Field Safety Notice Medtronic SenSight ™ Extension Tunneller Kit Product Recall (ICN 2133)
Important Customer Notice Field Safety Notice
Ref: 2023/2133
ICN Number: 2133
Alert:
- Medtronic has issued a Field Safety Notice recalling a range of Lot numbers following reports of the SenSight™ Extension Tunneller kit that contains dual carriers have been machined on one side only.
- As a result of this issue, the dual carrier cannot be used to pass two extensions simultaneously.

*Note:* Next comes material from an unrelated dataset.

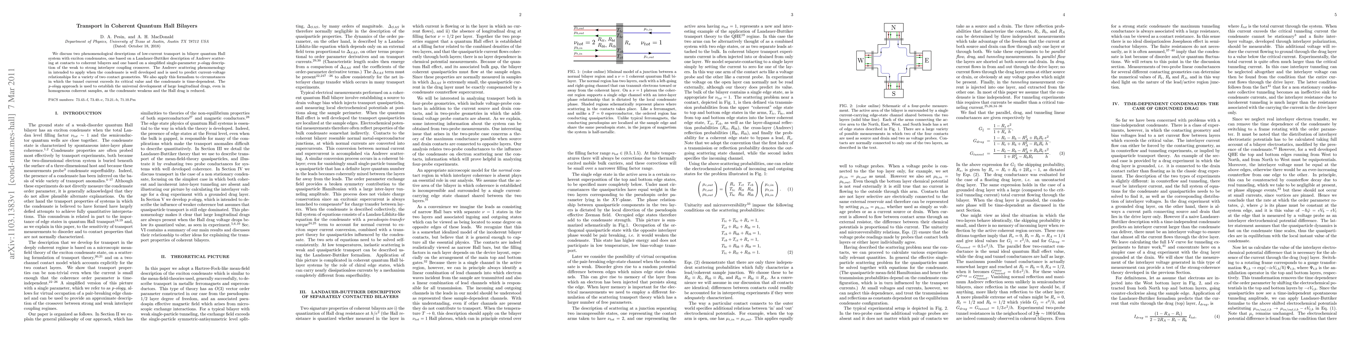 We discuss two phenomenological descriptions of low-current transport in bilayer quantum Hall system with exciton condensates, one based on a Landauer-Buttiker description of Andreev scattering at contacts to coherent bilayers and one based on a simplified single-parameter {\em p-ology} description of the weak to strong interlayer coupling crossover. The Andreev scattering phenomenology in intended to apply when the condensate is well developed and is used to predict current-voltage relationships for a variety of two contact geometries. We also apply this formalism to circumstances in which the tunnel current exceeds its critical value and the condensate is time-dependent. The {\em p-ology} approach is used to establish the universal development of large longitudinal drags, even in homogenous coherent samples, as the condensate weakens and the Hall drag is reduced.

The surgical procedure may be delayed obtaining another dual carrier or an additional tunnelling pass may be necessary to complete the implant of two extensions.
- This issue only affects the dual carrier; the remaining components in the kit are unaffected.
Products Affected:
- The product affected is available from NHS Supply Chain:
NPC | Product Description | Supplier Code / MPC | Route |
FCP313 | Deep Brain Stimulation Tunnelling Tool Extension Kit | B31030 | eDirect
|
- Please see Attachment A: Identifying Affected Products on Page 3 of the Field Safety Notice for details of the affected lot numbers.
Next Steps:
- Read and follow the full instructions in the Field Safety Notice and share with all users of the affected products.

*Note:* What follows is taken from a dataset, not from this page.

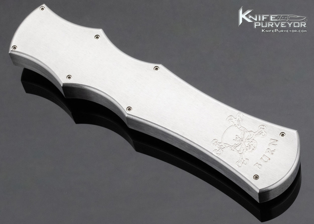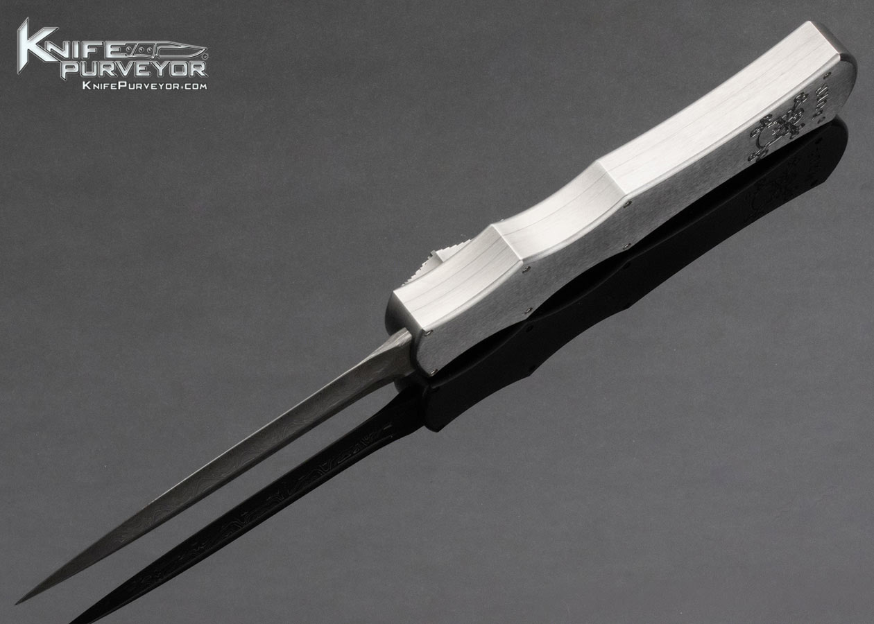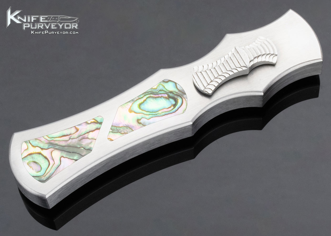 Paul Panak Custom Knife Burn Knives Double Action Out the Front Automatic Abalone Inlaid Razor with Damascus Blade

- Cease use and quarantine the affected devices.
- Complete and return the customer acknowledgement form, even if you have no stock, as soon as possible to: regulatoryuk-ire@medtronic.com Medtronic will facilitate the collection and/or replacement of devices.
- If you have any questions regarding this communication, please contact your Medtronic representative directly or via Tel No: 01923 212213
- Where potential alternatives are identified, Customers are requested to consult alternative options with their own clinical specialists /experts to ensure clinical suitability for your care delivery requirements
- Please be aware that in the event of a Field Safety Notice/Product Recall we may need to provide manufacturers, UK responsible persons and distributors with contact details of customers who have potentially received the affected stock. This is to help them to reconcile their stock and evidence to the regulators that all actions have been taken to ensure that the unused products have been removed from customers to prevent inadvertent use of faulty and potentially unsafe products.
If you have any further questions, please contact your local NHS Supply Chain Customer Service Advisor.